Exercise aim>
Please copy exactly the part of the records below that opens with the line containing "Bitte beachten Sie, dass" and closes with the line containing "В Кингисеппском районе", leaving out any pictures.

Exercise data>
- - -

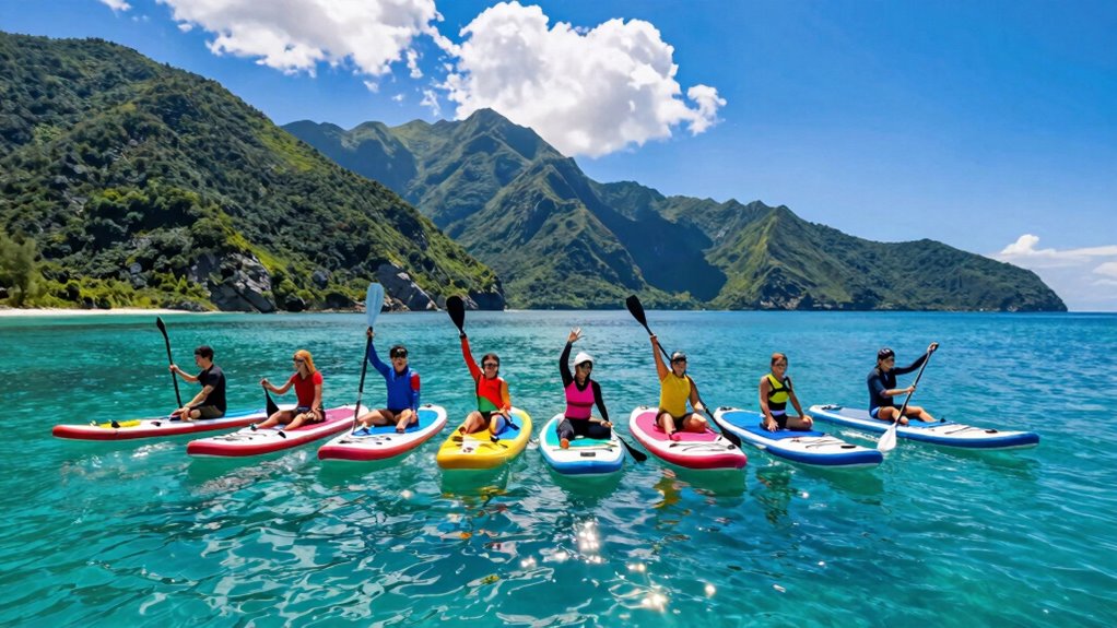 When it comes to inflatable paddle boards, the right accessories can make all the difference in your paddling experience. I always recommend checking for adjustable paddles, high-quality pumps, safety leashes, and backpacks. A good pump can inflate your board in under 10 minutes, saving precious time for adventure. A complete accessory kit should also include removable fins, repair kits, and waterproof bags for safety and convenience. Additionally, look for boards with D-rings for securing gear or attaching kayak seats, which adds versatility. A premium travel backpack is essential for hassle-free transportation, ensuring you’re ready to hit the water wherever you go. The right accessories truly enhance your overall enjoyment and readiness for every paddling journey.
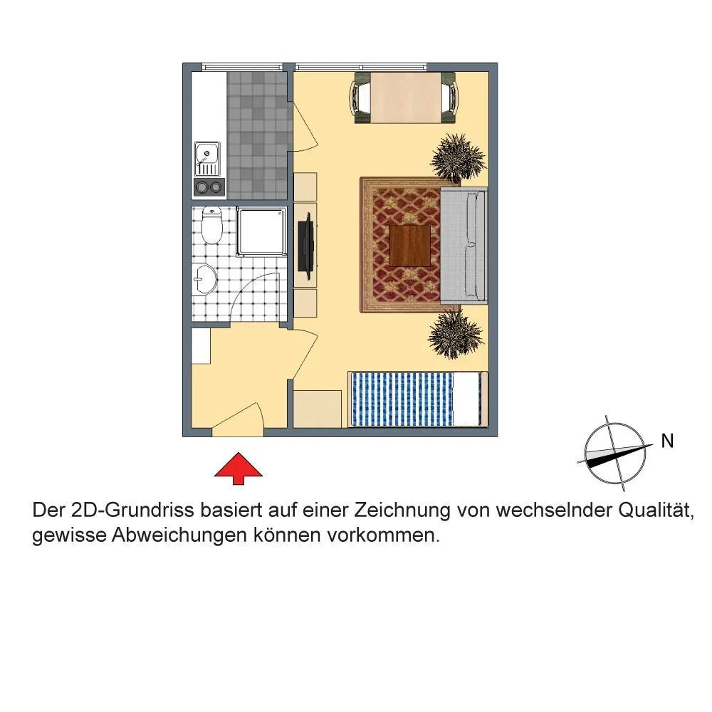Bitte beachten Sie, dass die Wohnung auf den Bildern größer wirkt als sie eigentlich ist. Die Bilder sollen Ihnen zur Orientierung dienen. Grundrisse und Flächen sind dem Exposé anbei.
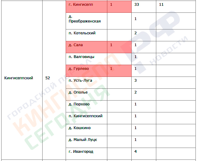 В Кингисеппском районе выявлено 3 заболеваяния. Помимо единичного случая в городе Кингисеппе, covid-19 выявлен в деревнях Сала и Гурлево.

- - -

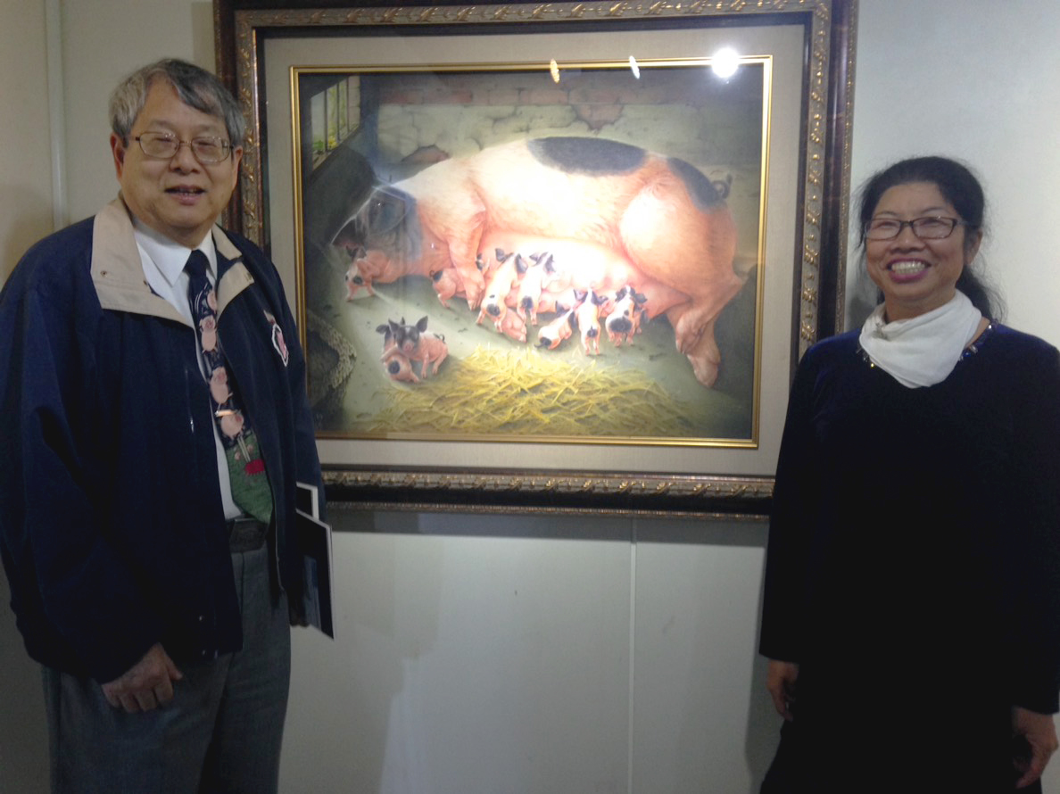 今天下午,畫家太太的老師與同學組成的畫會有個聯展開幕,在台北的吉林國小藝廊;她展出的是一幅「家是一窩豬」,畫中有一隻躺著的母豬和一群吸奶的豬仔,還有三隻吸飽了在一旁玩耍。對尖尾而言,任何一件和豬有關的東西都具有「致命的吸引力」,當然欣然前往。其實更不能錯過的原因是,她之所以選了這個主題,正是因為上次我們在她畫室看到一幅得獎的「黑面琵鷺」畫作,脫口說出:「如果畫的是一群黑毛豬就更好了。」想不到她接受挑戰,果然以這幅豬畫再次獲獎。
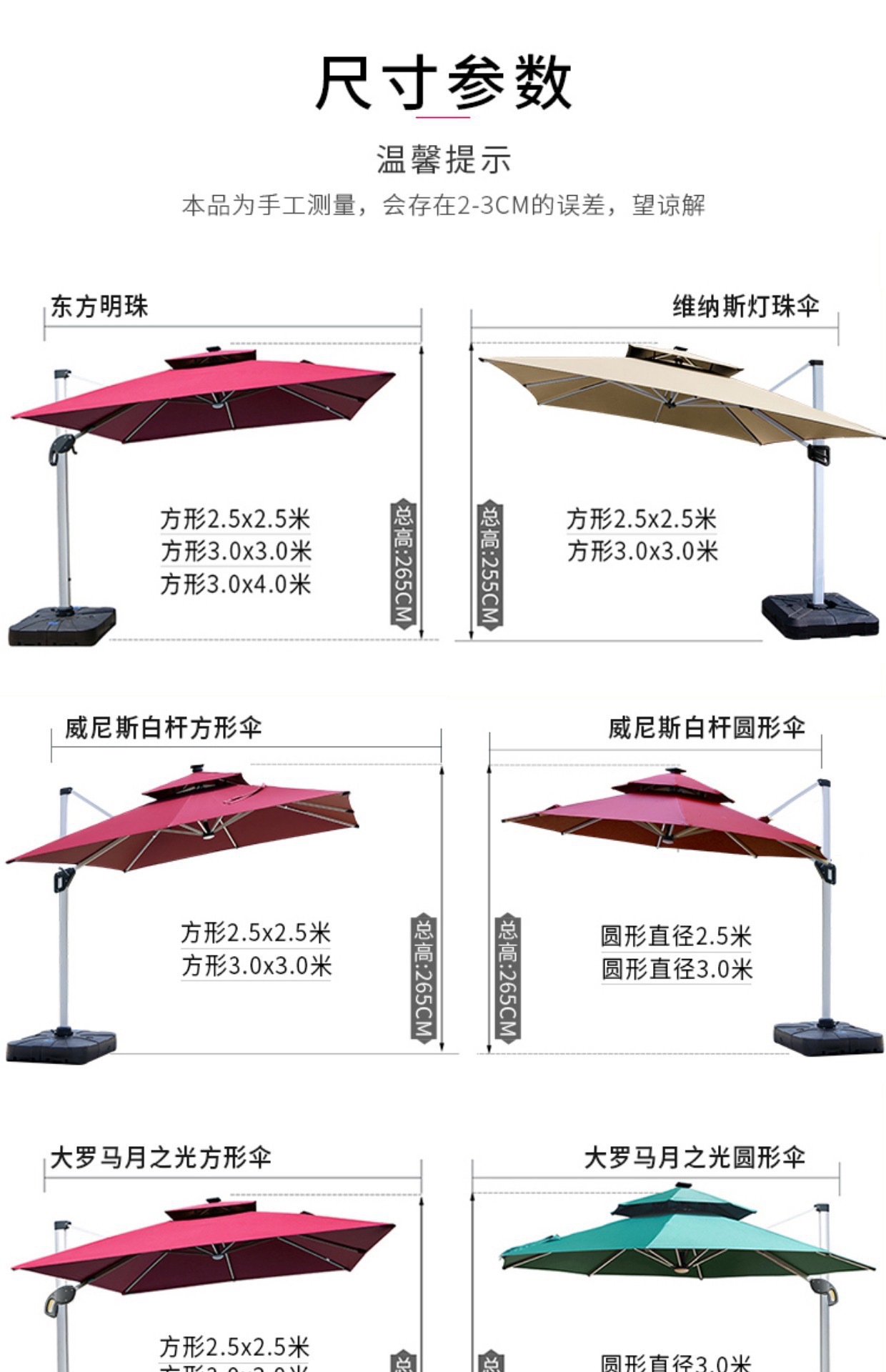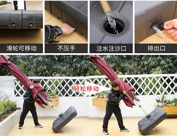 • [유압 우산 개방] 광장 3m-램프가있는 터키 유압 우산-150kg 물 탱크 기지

- - -

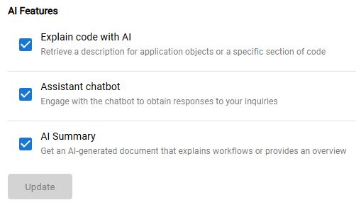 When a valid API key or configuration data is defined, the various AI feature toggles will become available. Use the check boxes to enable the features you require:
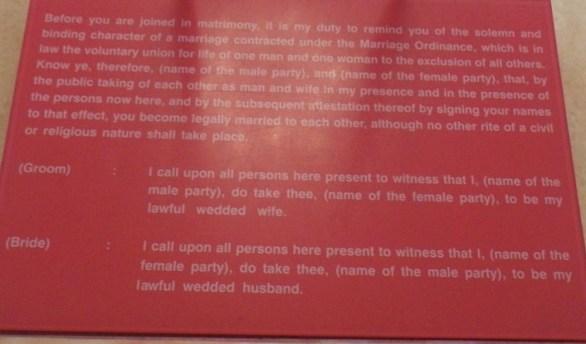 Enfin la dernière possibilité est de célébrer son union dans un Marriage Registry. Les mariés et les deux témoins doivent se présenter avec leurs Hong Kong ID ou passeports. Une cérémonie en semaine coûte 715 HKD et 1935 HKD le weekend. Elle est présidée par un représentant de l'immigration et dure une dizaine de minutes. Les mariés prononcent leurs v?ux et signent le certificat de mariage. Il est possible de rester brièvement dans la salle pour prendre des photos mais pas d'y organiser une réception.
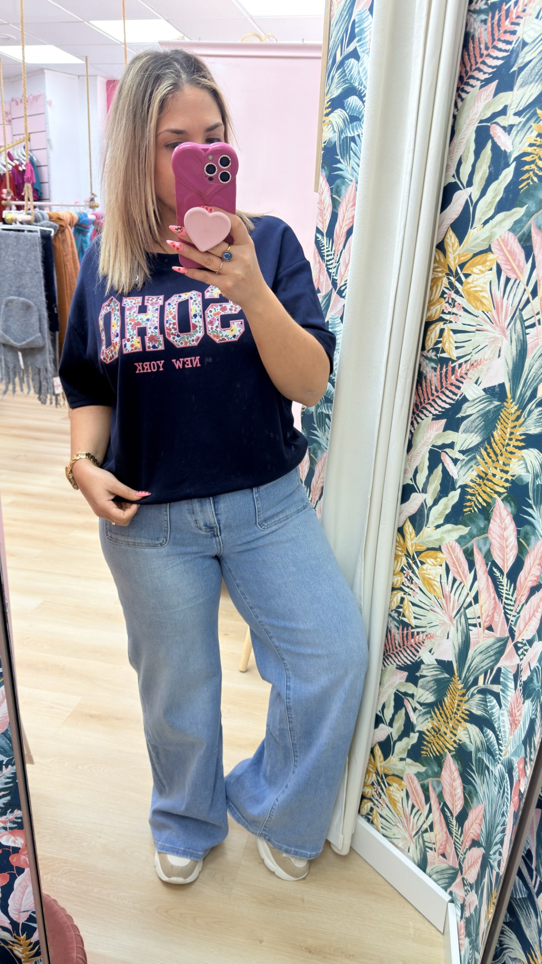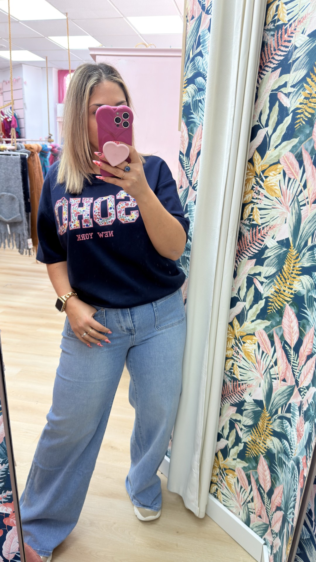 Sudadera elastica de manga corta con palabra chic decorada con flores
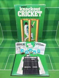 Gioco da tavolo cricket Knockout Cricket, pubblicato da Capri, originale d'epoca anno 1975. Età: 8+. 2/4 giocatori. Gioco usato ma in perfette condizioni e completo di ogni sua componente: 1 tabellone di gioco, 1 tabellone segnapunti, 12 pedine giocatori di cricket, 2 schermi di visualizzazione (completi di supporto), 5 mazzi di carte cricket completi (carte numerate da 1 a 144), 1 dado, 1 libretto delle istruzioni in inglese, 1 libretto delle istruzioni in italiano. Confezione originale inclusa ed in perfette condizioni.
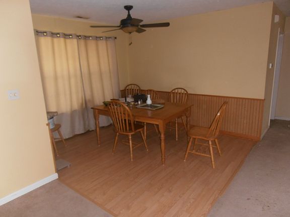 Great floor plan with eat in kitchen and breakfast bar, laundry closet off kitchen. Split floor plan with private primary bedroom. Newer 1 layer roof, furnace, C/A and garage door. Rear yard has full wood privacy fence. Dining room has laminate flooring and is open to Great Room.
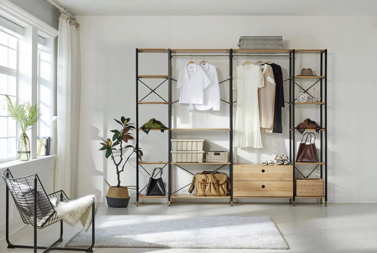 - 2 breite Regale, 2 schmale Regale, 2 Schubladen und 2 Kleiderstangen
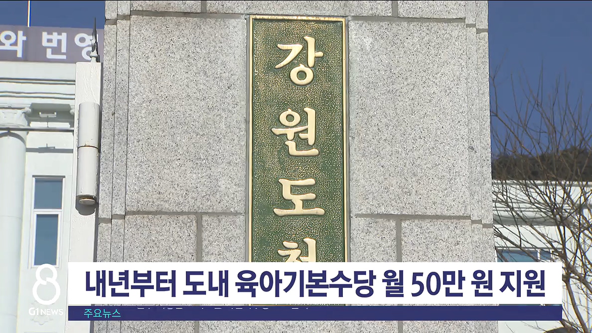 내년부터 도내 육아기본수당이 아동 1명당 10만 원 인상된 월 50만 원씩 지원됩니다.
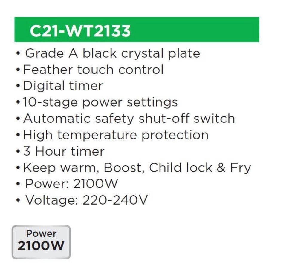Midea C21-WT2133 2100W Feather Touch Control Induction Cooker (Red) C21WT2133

- - -

Response for this exercise>
Bitte beachten Sie, dass die Wohnung auf den Bildern größer wirkt als sie eigentlich ist. Die Bilder sollen Ihnen zur Orientierung dienen. Grundrisse und Flächen sind dem Exposé anbei.
 В Кингисеппском районе выявлено 3 заболеваяния. Помимо единичного случая в городе Кингисеппе, covid-19 выявлен в деревнях Сала и Гурлево.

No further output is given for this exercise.